Region Prompt Tuning: Fine-grained Scene Text Detection Utilizing Region Text Prompt

Xingtao Lin,Heqian Qiu,Lanxiao Wang,RUihang Wang,Linfeng XU,Hongliang Li
2024-09-20
Abstract:Recent advancements in prompt tuning have successfully adapted large-scale models like Contrastive Language-Image Pre-trained (CLIP) for downstream tasks such as scene text detection. Typically, text prompt complements the text encoder's input, focusing on global features while neglecting fine-grained details, leading to fine-grained text being ignored in task of scene text detection. In this paper, we propose the region prompt tuning (RPT) method for fine-grained scene text detection, where region text prompt proposed would help focus on fine-grained features.

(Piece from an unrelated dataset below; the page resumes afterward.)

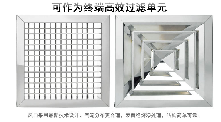 風口采用最新技術設計、使氣流分布更合理,箱體采用優質不銹鋼板或冷軋鋼板制作,表面經烤漆處理,結構簡單可靠,其中高效送風口可作為終端高效過濾單元直接置于各個級別的潔凈室吊頂等。
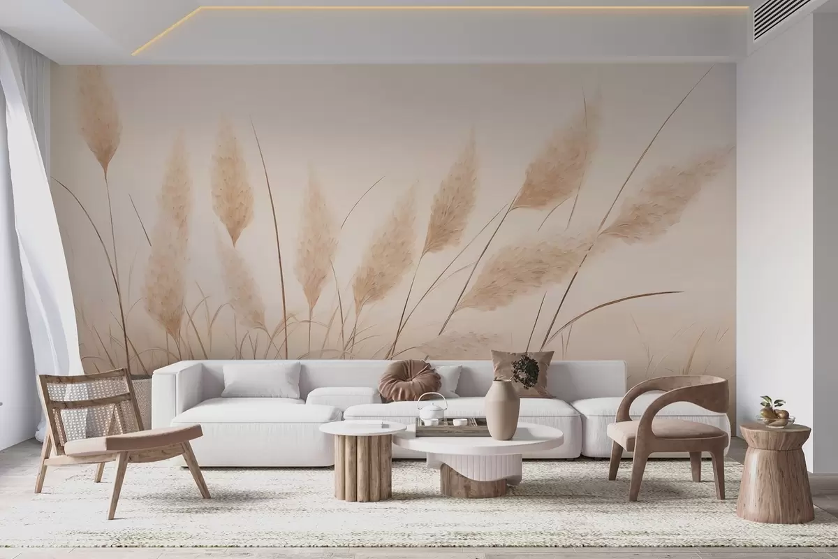 Soft beige pampas grass in the field - Wall mural (No. w09324)

Region prompt tuning method decomposes region text prompt into individual characters and splits visual feature map into region visual tokens, creating a one-to-one correspondence between characters and tokens. This allows a character matches the local features of a token, thereby avoiding the omission of detailed features and fine-grained text. To achieve this, we introduce a sharing position embedding to link each character with its corresponding token and employ a bidirectional distance loss to align each region text prompt character with the target ``text''. To refine the information at fine-grained level, we implement character-token level interactions before and after encoding. Our proposed method combines a general score map from the image-text process with a region score map derived from character-token matching, producing a final score map that could balance the global and local features and be fed into DBNet to detect the text. Experiments on benchmarks like ICDAR2015, TotalText, and CTW1500 demonstrate RPT impressive performance, underscoring its effectiveness for scene text detection.
Computer Vision and Pattern Recognition,Artificial Intelligence
What problem does this paper attempt to address?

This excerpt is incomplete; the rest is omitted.